Microstructures, transformation temperatures and superelastic properties of the rapidly solidified (TiZrHf)50Ni25Co10Cu15 HESMAs

Abstract

In this study, the effects of the rapid solidification process on microstructures, transformation behaviors and superelastic properties of the multi-component (TiZrHf)50Ni25Co10Cu15 (at%) high-entropy shape memory alloy (HESMA) were investigated. The as-spun (TiZrHf)50Ni25Co10Cu15 fibers were prepared by a rapid solidification process. The solution-treated (TiZrHf)50Ni25Co10Cu15 alloy bulk specimen consisted of a (NiCoCu)-rich matrix, (TiZrHf)2(NiCoCu)-type phase and carbide, while the as-spun fiber specimen consisted of (TiZrHf)-rich matrix and carbide. The (TiZrHf)2(NiCoCu)-type phase is dissolved in the matrix of as-spun fibers due to the rapid solidification process.
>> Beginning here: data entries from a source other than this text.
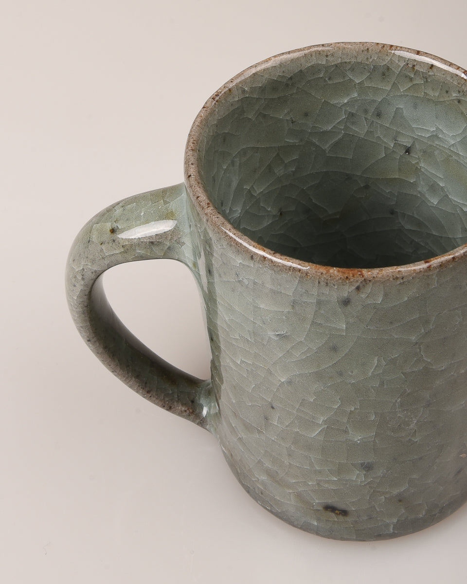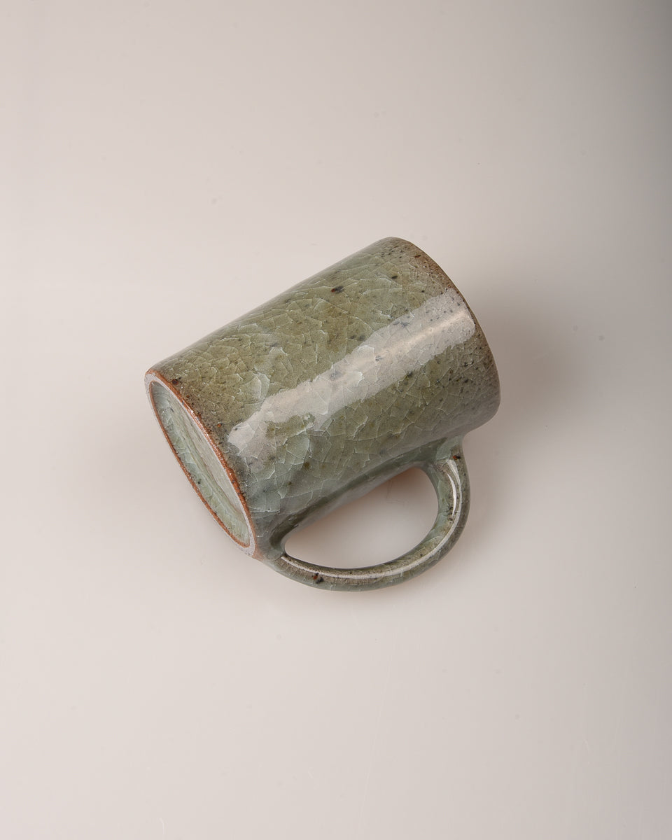 These pieces are made of a blend of hand-dug clays from around Victoria, hand processed and aged in the artist's Kinglake studio. The clay body is very coarse and often contains small stones of basalt that can melt through the glaze surface as dark protrusions. Pieces are fired to 1300c in a fuel-fed reduction atmosphere, this process causes iron oxide to release microscopic oxygen bubbles that are trapped under the glaze surface which cause the blue colour of the glaze. The crazing of the glaze is caused by a difference in shrinkage rates of the glaze and the clay. As the pots cool in the kiln, the glaze tries to shrink, but the clay won't allow it. This causes the stress to be released as hundreds of tiny fractures across the glaze surface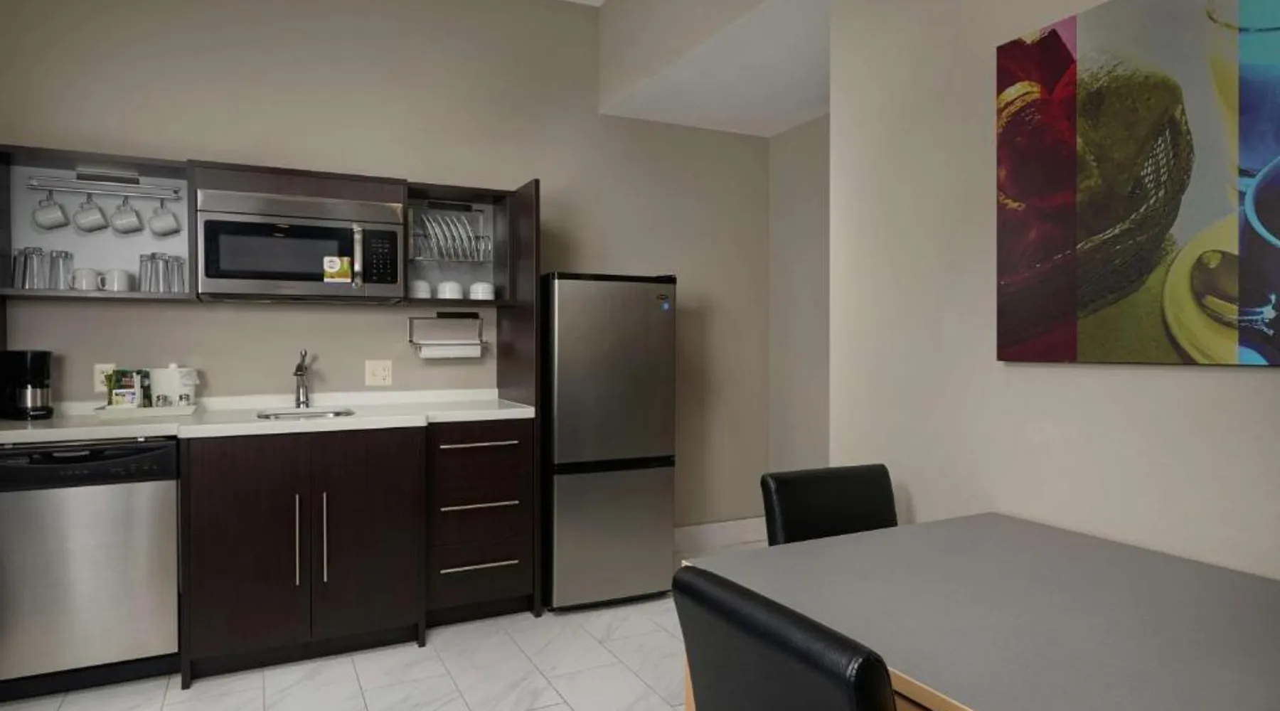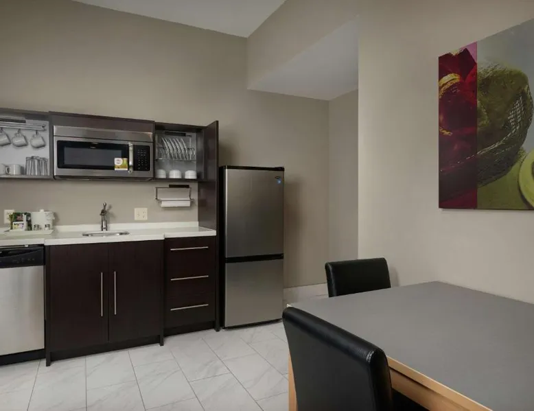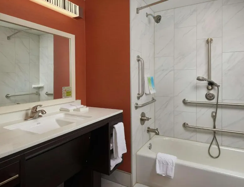 Comfortable Accommodations: Home2 Suites By Hilton Muskogee in Muskogee offers family rooms with air-conditioning, kitchen facilities, and free WiFi. Each room includes a sofa bed, work desk, and free toiletries. Leisure Facilities: Guests can enjoy a sun terrace, seasonal outdoor swimming pool, and free use of bicycles. The property also features an outdoor fireplace, fitness room, and outdoor seating areas. Convenient Services: The hotel provides a lounge, minimarket, and 24-hour front desk. Additional amenities include free on-site parking, daily housekeeping, and luggage storage. Nearby Attractions: Tulsa International Airport is 44 mi away. Guests appreciate the attentive staff, room cleanliness, and breakfast provided by the property. In the well-equipped kitchen, guests will find a refrigerator, a dishwasher, kitchenware and a microwave. This studio is air-conditioned and features a flat-screen TV, a tea and coffee maker, a seating area and heating. The unit offers 2 beds.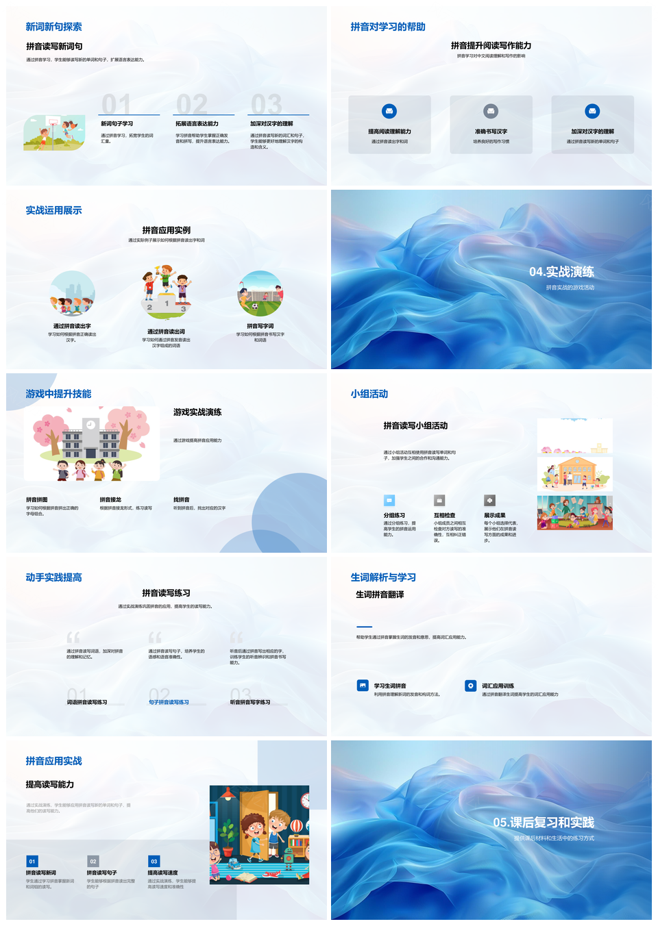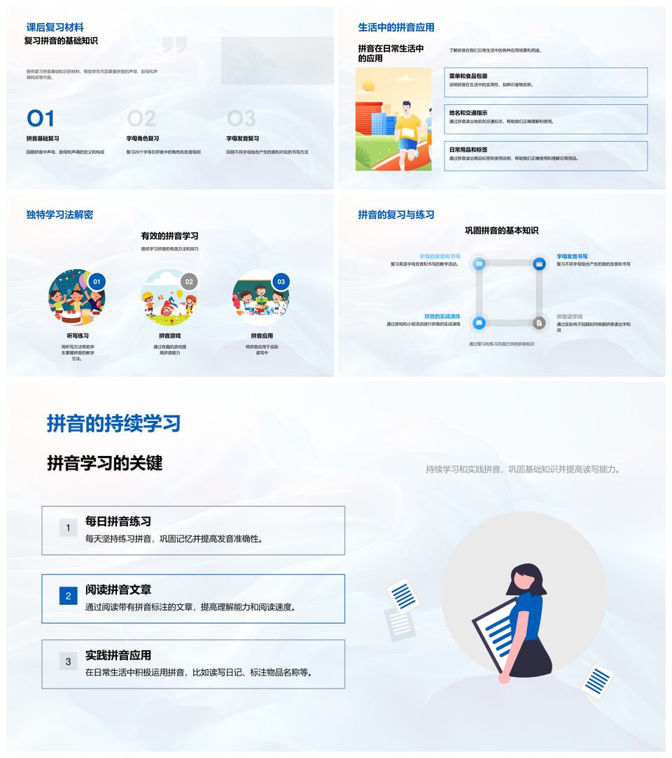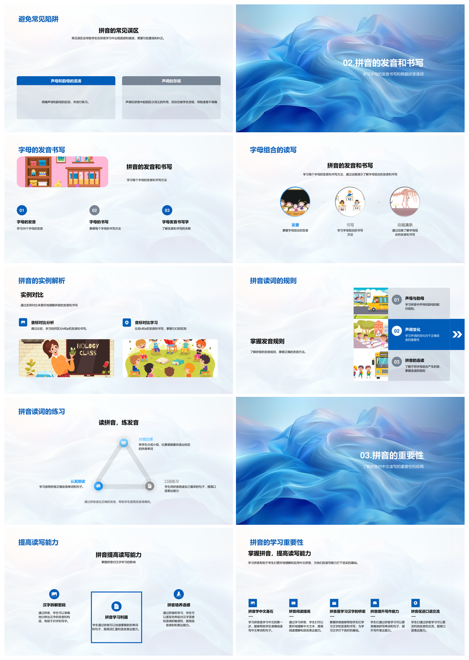 拼音声母韵母声调26字母发音书写规则实战教学PPT模板推荐

The martensitic transformation start temperature of the (TiZrHf)50Ni25Co10Cu15 alloy increased from 53.5 °C to 91.5 °C after the rapid solidification process. Both the (TiZrHf)50Ni25Co10Cu15 alloy bulk and fiber specimens showed clear superelasticity and the total superelastic recovery strain increased from 4.6 % to 5.7% after the rapid solidification process.